After the rest period, we went out to the garage to Defeat the Dark Side with Silly String. We got the idea here, but changed the name. My husband printed two Darth Vader posters in Paint and I pieced them together. We were originally going to do this outside but because heavy rain was predicted for the day, we decided to set it up in the garage. I taped the two Darth Vader posters on large sheets of butcher paper and hung them up on our garage door. We also taped butcher paper to the ground for easy clean up.
The kids loved this. I wish I had listened to my husband and bought a can of Silly String for each kid.
Since the weather was nice, we took the kids outside for Lightsaber Training. I was going to make pool noodle lightsabers for the kids but my husband said, “If we’re going to have a Star Wars party, then we need real lightsabers.” He is so right.

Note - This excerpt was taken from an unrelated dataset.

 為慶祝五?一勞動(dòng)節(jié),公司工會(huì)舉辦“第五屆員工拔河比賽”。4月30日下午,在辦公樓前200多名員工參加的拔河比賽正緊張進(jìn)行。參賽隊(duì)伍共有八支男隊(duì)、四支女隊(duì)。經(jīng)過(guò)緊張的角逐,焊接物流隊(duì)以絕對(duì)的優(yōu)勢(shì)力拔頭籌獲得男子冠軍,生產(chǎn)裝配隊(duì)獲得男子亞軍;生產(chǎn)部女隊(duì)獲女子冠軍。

I hunted for used lightsabers for about a month. I found some on Craigslist, at the Goodwill, and through my neighborhood Mom Resale sites. I paid somewhere between $0.50 – $2 a lightsaber. I found enough lightsabers for each kid — plus a few extra cool ones for us to keep. We let the kids take theirs home if they promised to use it — and boy were they (and their parents) excited.
Obi-wan (Jim) was a good sport. He watched a couple Jedi Training Academy videos on YouTube and led this mission.

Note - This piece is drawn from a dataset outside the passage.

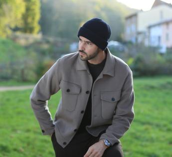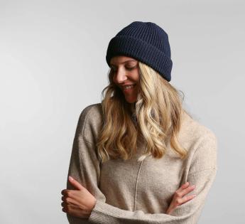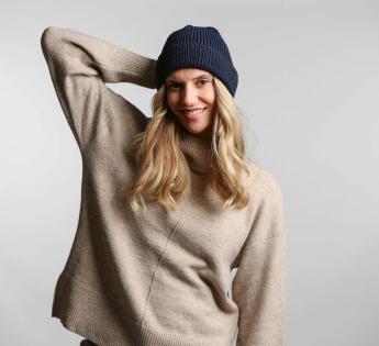 Hat with cuff, to be worn short or long. Its cuff is fully foldable. The design is made of thick, comfortable stitches.

The kids paired up for duals.
Then they all ganged up on Obi-wan.
They loved getting Obi-wan.
We headed back inside to complete the last two missions. I split the kids into two groups — one group decorated Star Wars cookies while the other made R2D2 paper models. Then they switched.
The Star Wars cookie cutters are from Williams Sonoma — but I got them used from a mom in my neighborhood (so I did not spend a fortune on the cutters).
Samuel’s strategy — decorate a cookie and then gobble it up immediately. Um … he also went a little nuts with the sprinkles.
TipJunkie has an awesome R2D2 craft printable and I followed her instructions to make each kid a kit.
It took me about half an hour to cut up the blue tape and punch out the circles for 13 kits. I put each kit in a ziploc bag and labeled with the Jedi’s name.
The kids enjoyed following the model I created. They were pretty proud of themselves for completing this mission with very little help.
We concluded the party with a special appearance from Darth Vader himself. Yep. My friend Becky helped me set this up. The costume worn by her husband is from the 501st Legion and is an exact replica of the one Darth Vader wore in the movie. We were blown away — and so was the birthday boy and all of his friends.
We held a little ceremony for the kids and they each got a photo op with Darth Vader. The kids were all given a certificate and a Jedi medallion (yep, I made shrinky dink medallions!)
My sister has been making Samuel’s birthday cakes for the last four years. She gets better every year.
In addition to the lightsaber, each Jedi left with a Star Wars coloring book and Darth Vader and Storm Trooper crayons. I bought the mold on Amazon and it took me about two evenings to make 96 crayons.
It was a good party. He loved it — and thanks me often.
The backdrop seen here (and in many of the photos above) is made from a sheet I found at the Goodwill. I painted silver stars on it and hung it up with the words, “May the force be with you.” Super easy and affordable.
My Princess Leia costume cost roughly $18. I made the dress using this tutorial — I used four yards of 58″ wide polyester fabric (about $12) and two snap buttons for the neck closure ($3). I found a silver belt ($1) at the thrift store and made the yarn wig ($3). I will definitely be wearing this again.I made his Jedi Shirt using silver glitter paint and freezer paper. I love the way it turned out. He had a terrific birthday. He is very excited about being 4.